PyTorch 2.2 中文官方教程（四）（3）-阿里云开发者社区

PyTorch 2.2 中文官方教程（四）（2）https://developer.aliyun.com/article/1482493

定义您的模型

在本教程中，我们将使用基于Faster R-CNN的Mask R-CNN。Faster R-CNN 是一个模型，用于预测图像中潜在对象的边界框和类别分数。

Mask R-CNN 在 Faster R-CNN 中添加了一个额外的分支，还为每个实例预测分割蒙版。

有两种常见情况可能需要修改 TorchVision Model Zoo 中的可用模型之一。第一种情况是当我们想要从预训练模型开始，只微调最后一层时。另一种情况是当我们想要用不同的主干替换模型的主干时（例如为了更快的预测）。
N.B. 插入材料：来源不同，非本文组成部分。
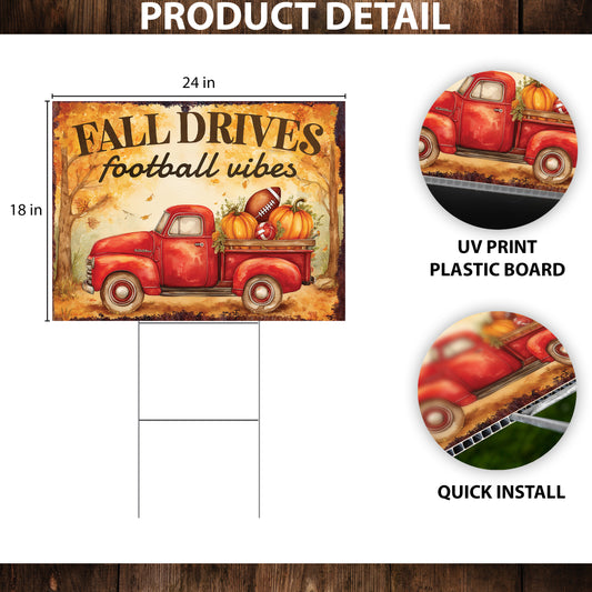 Fall Drives Football Vibes Yard Sign – 18x24 Fall Red Truck Garden Stake, UV Printed Plastic Board with Metal Step-Stake
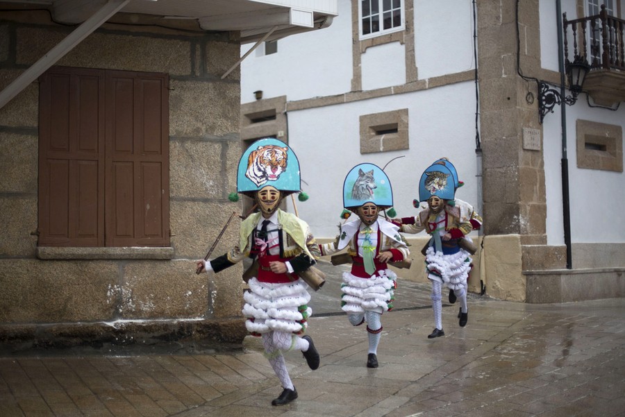Read moreCarnival revelers dressed as "Peliqueiros" run through a street in Spain's northwestern village of Laza, on February 10, 2013. "Peliqueiros" or ancient tax collectors, pursued villagers through the streets ringing their cowbells and hitting villagers with their sticks. #
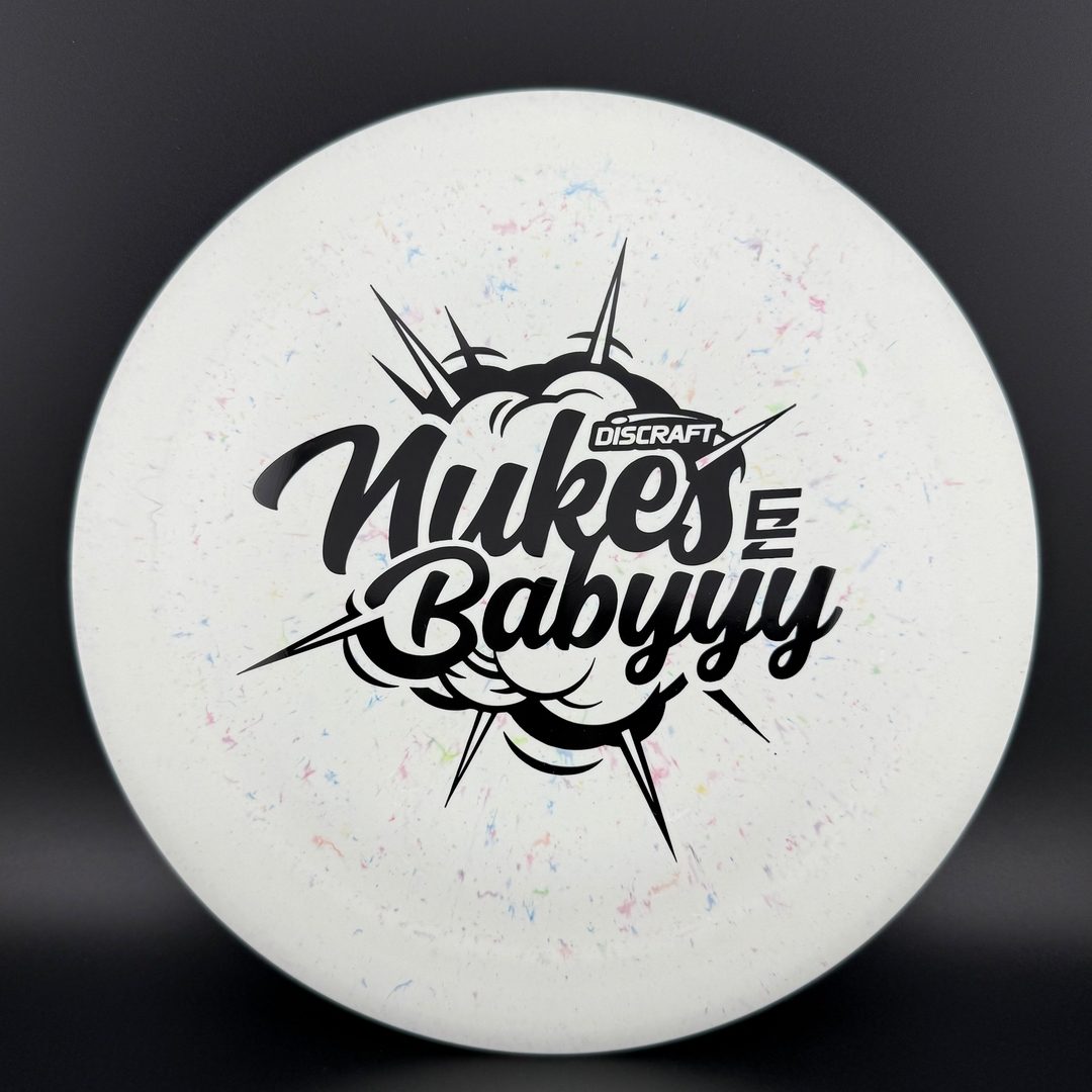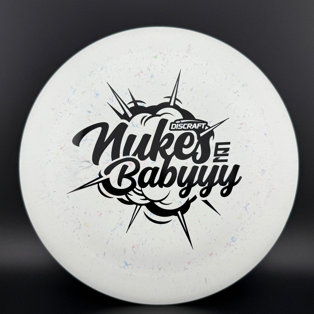 The Nuke has been dominating courses around the globe since 2009 and has become one of the most popular distance drivers in the world. This high-speed driver sports a thick, wide rim and holds its overstability even for power throwers. It is a popular choice for both forehand and backhand shots. These Nukes are pop-top bombers with low stiffness and trusted overstability. Explode the baskets at your local course with “Nukes Babyyy” like this custom stamp.
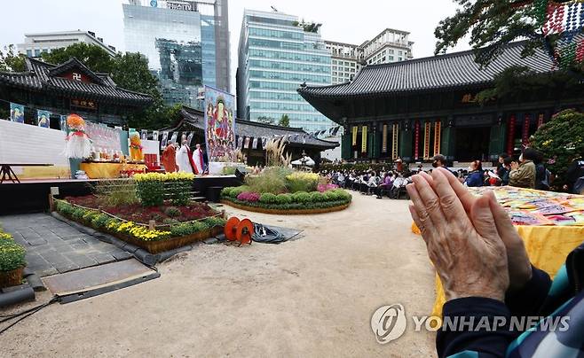 (서울=연합뉴스) 김인철 기자 = 4일 오전 서울 종로구 조계사 대웅전 앞에서 중양절 수륙재가 봉행되고 있다.
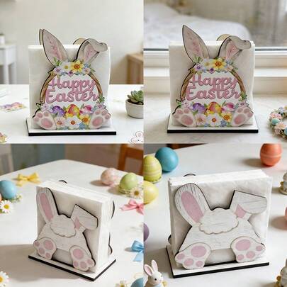 1/2个可爱复活节兔子、花朵和彩蛋图案木质餐巾架,农舍风格桌面装饰,适用于厨房、餐厅、春季节日
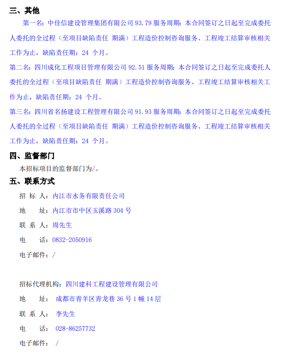 內江市應急供水搶險基地工程項目新城片區、高新區白馬園區標段全過程工程造價控制咨詢服務中標候選人公示

让我们看看在以下部分中我们将如何执行其中一个或另一个。

1 - 从预训练模型微调

假设您想从在 COCO 上预训练的模型开始，并希望对其进行微调以适应您的特定类别。以下是可能的操作方式：

import torchvision
from torchvision.models.detection.faster_rcnn import FastRCNNPredictor
# load a model pre-trained on COCO
model = torchvision.models.detection.fasterrcnn_resnet50_fpn(weights="DEFAULT")
# replace the classifier with a new one, that has
# num_classes which is user-defined
num_classes = 2  # 1 class (person) + background
# get number of input features for the classifier
in_features = model.roi_heads.box_predictor.cls_score.in_features
# replace the pre-trained head with a new one
model.roi_heads.box_predictor = FastRCNNPredictor(in_features, num_classes)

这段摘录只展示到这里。